Dataset items:
------------------------------------------------

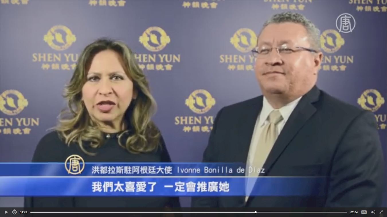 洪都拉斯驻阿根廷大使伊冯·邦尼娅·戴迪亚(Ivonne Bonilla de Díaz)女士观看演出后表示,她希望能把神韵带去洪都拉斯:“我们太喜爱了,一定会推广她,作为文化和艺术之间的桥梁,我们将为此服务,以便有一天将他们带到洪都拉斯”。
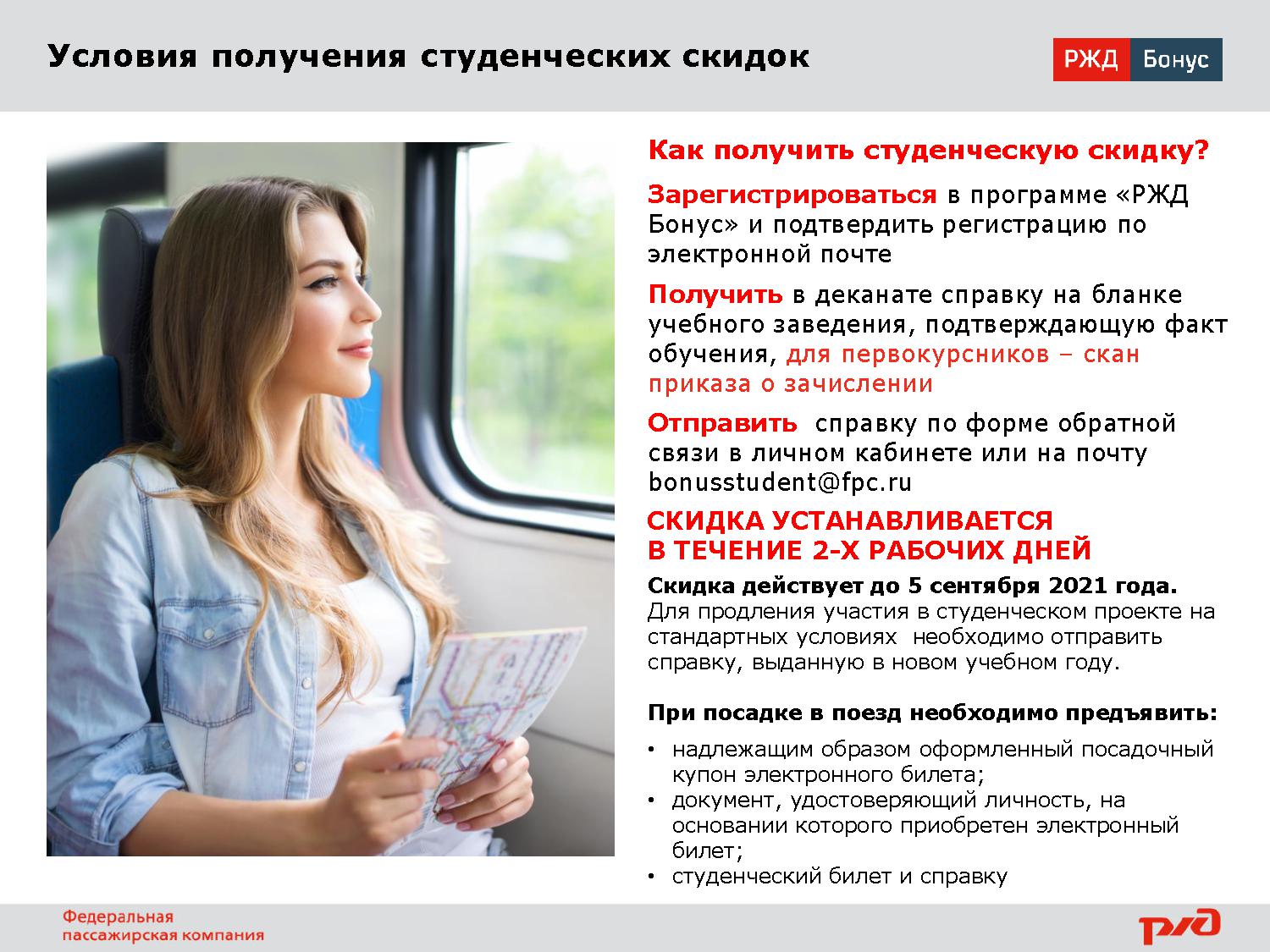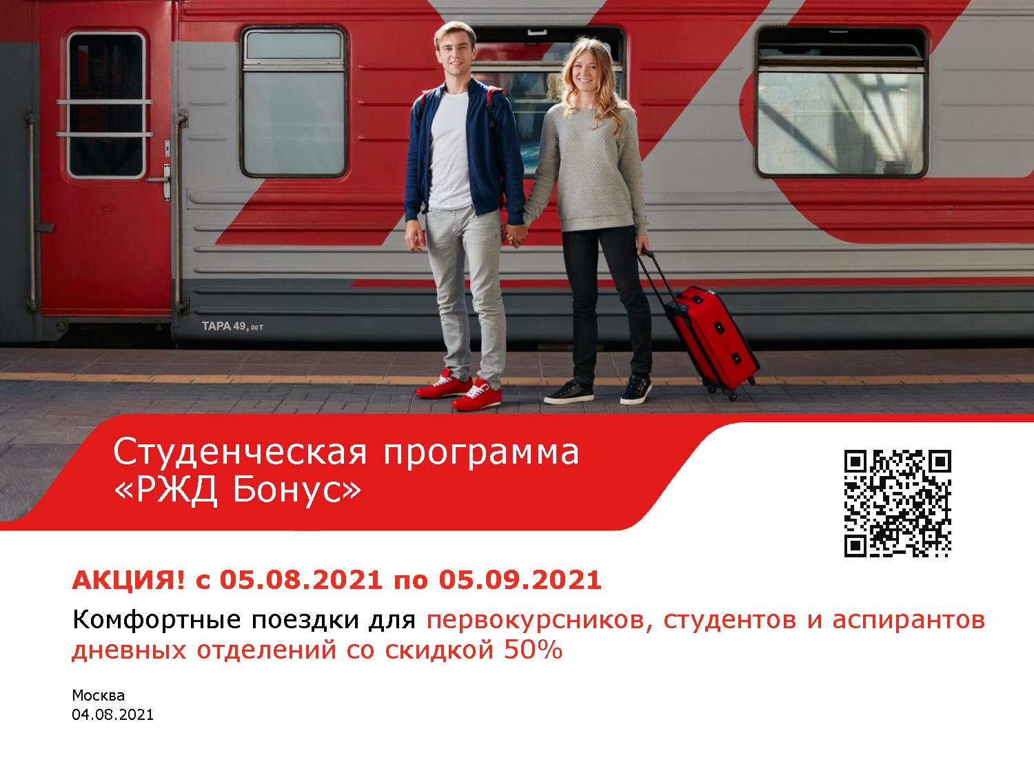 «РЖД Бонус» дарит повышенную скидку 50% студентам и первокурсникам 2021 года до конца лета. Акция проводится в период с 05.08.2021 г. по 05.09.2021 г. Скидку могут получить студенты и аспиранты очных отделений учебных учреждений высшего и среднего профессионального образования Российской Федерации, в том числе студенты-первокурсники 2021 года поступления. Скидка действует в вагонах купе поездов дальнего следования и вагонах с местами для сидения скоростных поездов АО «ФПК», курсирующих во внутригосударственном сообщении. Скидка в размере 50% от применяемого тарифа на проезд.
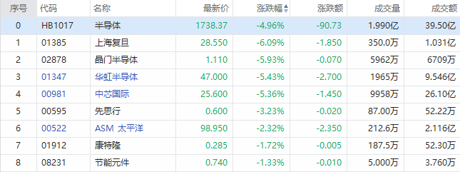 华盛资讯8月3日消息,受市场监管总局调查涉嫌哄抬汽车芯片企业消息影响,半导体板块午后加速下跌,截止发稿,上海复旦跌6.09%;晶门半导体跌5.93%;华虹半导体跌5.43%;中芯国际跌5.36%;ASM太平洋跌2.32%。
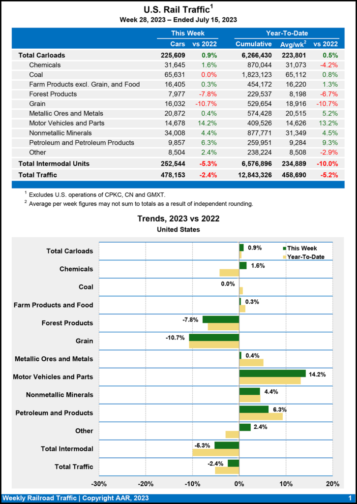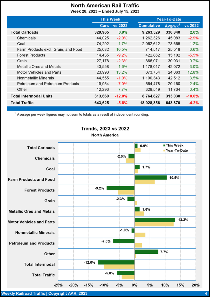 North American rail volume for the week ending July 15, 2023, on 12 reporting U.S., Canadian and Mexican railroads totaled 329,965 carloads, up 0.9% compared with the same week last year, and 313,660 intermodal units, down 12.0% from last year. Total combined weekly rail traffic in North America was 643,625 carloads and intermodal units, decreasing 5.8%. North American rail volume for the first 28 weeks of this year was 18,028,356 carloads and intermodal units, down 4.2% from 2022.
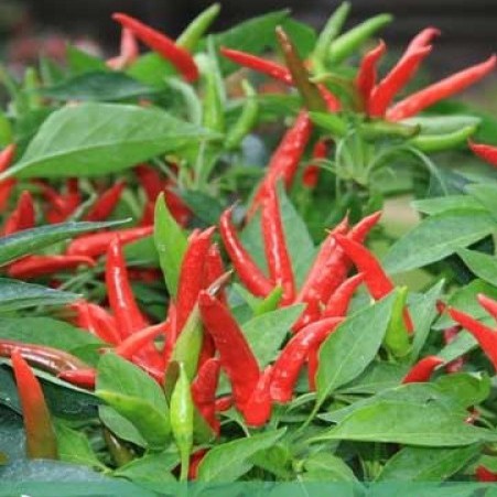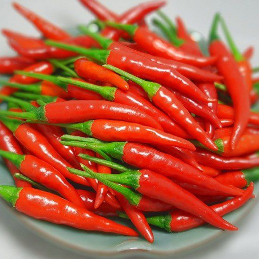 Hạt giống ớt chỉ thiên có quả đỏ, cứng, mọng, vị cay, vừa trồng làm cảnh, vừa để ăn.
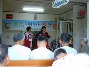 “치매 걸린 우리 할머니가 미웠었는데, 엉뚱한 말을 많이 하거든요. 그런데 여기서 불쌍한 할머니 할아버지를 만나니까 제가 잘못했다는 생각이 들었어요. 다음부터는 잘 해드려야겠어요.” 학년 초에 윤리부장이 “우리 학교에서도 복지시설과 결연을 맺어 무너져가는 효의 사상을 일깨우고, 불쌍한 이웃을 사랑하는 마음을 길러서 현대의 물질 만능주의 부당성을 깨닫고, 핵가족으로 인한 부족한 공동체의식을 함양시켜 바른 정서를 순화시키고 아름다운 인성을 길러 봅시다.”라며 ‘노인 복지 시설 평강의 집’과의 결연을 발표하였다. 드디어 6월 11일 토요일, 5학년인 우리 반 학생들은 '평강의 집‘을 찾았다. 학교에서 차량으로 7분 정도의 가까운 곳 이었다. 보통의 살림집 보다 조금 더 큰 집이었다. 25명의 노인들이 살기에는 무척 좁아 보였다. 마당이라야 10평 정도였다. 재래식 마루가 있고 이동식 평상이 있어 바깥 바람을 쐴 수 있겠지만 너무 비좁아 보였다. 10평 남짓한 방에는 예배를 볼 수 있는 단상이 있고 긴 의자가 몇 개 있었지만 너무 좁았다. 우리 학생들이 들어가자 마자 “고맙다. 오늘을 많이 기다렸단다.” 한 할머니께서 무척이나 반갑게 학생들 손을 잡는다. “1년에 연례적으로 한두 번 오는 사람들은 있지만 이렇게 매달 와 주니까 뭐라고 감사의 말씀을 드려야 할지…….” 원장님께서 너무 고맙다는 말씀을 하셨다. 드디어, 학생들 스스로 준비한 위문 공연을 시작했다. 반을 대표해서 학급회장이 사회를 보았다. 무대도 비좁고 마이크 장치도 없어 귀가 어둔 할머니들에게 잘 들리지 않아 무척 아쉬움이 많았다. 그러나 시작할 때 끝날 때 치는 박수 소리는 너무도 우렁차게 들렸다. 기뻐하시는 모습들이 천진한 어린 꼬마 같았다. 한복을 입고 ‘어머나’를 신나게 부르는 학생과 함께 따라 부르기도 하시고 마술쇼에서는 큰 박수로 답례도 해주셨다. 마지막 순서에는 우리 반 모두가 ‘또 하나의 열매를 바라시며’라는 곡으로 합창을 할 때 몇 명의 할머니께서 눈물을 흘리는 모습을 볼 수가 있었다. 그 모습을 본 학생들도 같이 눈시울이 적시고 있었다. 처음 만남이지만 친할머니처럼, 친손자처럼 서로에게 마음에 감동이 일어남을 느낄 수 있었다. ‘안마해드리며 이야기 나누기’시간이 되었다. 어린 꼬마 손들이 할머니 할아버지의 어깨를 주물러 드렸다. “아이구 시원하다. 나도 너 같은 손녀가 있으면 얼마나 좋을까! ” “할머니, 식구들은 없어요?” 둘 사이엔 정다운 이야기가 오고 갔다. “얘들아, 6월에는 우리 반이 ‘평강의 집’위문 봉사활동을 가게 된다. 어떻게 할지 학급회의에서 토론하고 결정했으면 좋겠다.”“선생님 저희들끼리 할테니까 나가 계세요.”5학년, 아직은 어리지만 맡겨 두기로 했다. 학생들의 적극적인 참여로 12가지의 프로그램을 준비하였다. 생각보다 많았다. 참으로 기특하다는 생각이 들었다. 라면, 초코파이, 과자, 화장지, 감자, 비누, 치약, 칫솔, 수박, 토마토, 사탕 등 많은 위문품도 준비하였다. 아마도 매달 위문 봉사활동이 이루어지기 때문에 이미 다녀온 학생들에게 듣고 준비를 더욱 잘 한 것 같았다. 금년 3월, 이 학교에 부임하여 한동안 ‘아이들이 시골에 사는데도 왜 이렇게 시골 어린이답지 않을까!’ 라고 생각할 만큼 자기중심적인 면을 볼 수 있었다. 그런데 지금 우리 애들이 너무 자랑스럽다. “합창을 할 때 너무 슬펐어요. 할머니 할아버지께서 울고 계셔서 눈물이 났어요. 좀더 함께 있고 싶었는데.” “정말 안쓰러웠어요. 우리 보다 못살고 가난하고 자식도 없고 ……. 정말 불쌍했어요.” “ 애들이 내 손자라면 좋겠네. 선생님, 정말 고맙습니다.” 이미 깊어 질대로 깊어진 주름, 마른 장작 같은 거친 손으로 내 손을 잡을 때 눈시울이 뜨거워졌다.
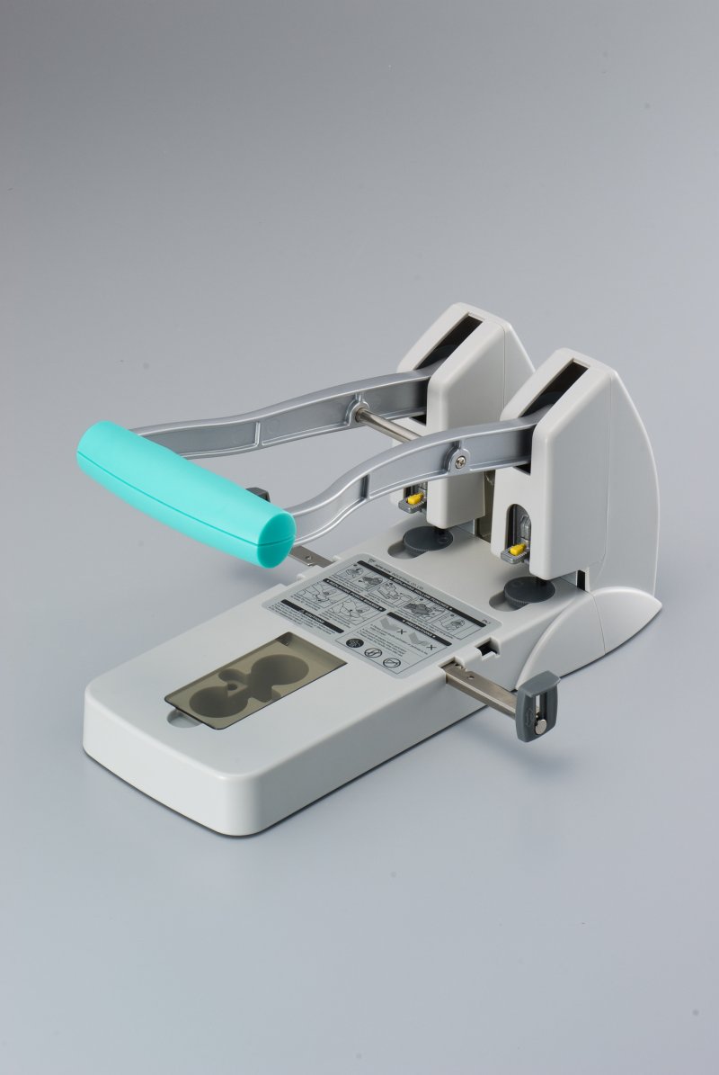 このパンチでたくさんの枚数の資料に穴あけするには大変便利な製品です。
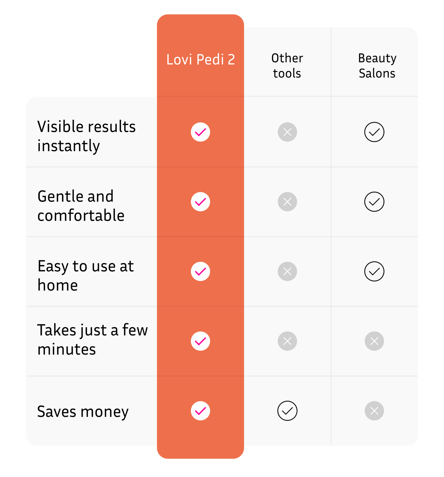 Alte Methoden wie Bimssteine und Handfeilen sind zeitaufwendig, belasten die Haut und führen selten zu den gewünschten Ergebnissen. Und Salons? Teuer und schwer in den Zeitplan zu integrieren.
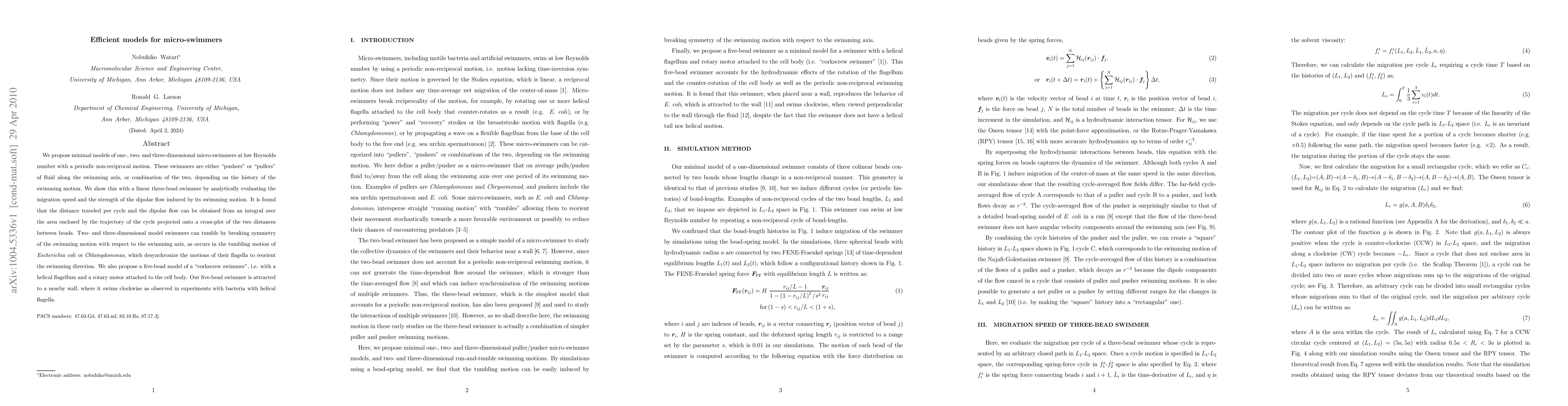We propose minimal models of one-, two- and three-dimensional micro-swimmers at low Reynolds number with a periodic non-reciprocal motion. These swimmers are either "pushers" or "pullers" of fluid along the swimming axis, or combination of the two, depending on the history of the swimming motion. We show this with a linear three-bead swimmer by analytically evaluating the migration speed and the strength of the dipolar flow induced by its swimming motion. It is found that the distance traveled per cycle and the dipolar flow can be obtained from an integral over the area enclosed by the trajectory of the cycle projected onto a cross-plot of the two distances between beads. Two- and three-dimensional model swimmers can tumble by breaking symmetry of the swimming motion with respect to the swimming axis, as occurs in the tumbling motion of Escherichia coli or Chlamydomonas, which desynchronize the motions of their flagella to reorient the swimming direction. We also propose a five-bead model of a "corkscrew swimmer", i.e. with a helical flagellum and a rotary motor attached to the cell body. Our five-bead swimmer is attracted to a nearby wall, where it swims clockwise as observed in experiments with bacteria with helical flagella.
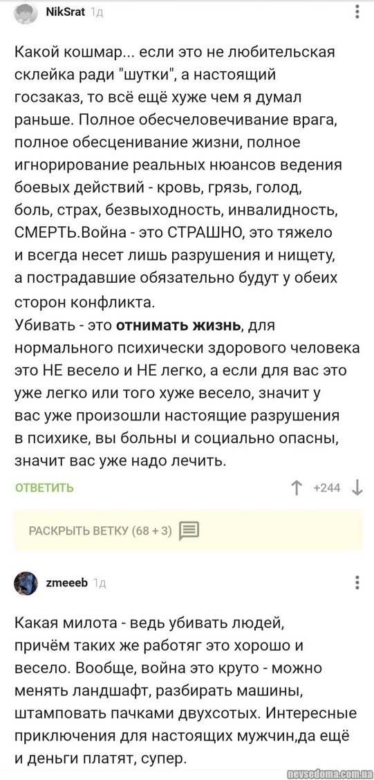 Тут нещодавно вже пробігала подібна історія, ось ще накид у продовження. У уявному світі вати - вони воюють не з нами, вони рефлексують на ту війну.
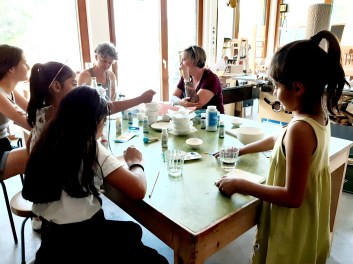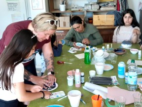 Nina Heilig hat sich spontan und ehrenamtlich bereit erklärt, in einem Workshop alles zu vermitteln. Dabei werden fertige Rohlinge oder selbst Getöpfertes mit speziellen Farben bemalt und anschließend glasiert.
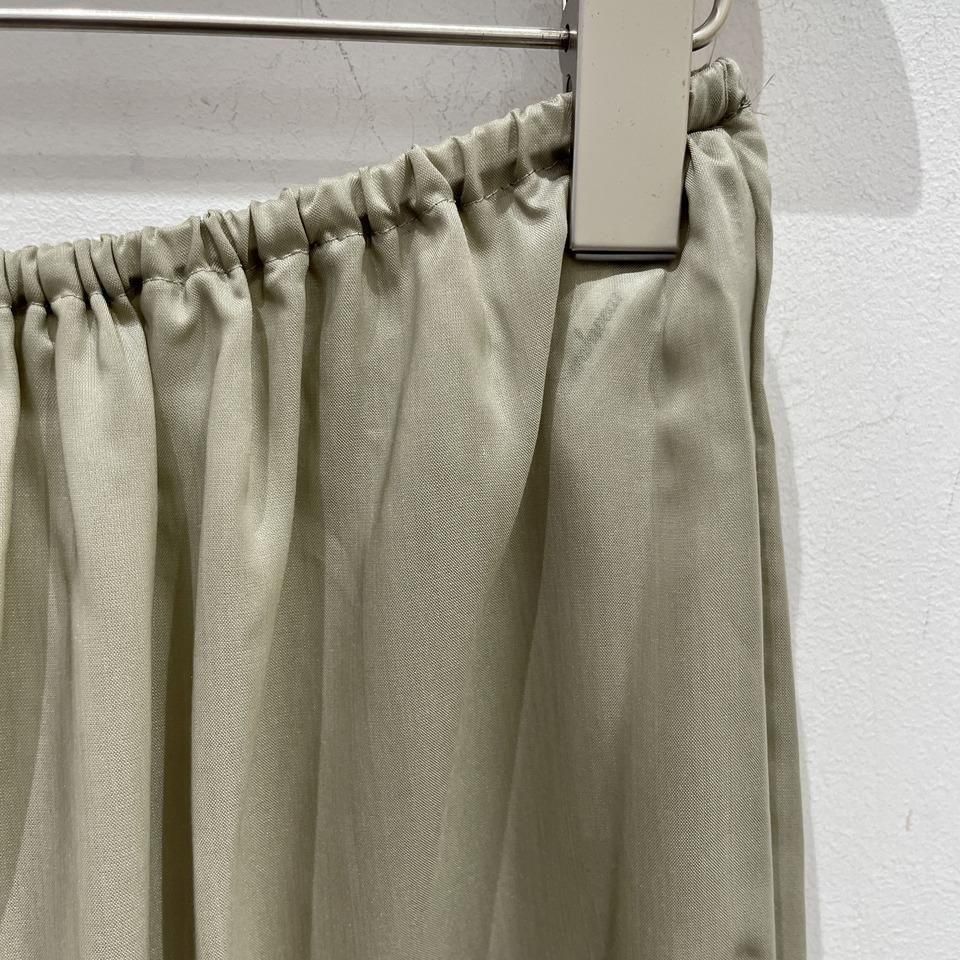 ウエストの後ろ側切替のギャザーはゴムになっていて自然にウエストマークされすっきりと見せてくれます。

------------------------------------------------

• DIRECTIONS
Retype, word for word, the lines from the one with "Nina Heilig hat" through the last line of the entries above, and only those lines. Leave pictures out.

• RESPONSE BOX
 Nina Heilig hat sich spontan und ehrenamtlich bereit erklärt, in einem Workshop alles zu vermitteln. Dabei werden fertige Rohlinge oder selbst Getöpfertes mit speziellen Farben bemalt und anschließend glasiert.
 ウエストの後ろ側切替のギャザーはゴムになっていて自然にウエストマークされすっきりと見せてくれます。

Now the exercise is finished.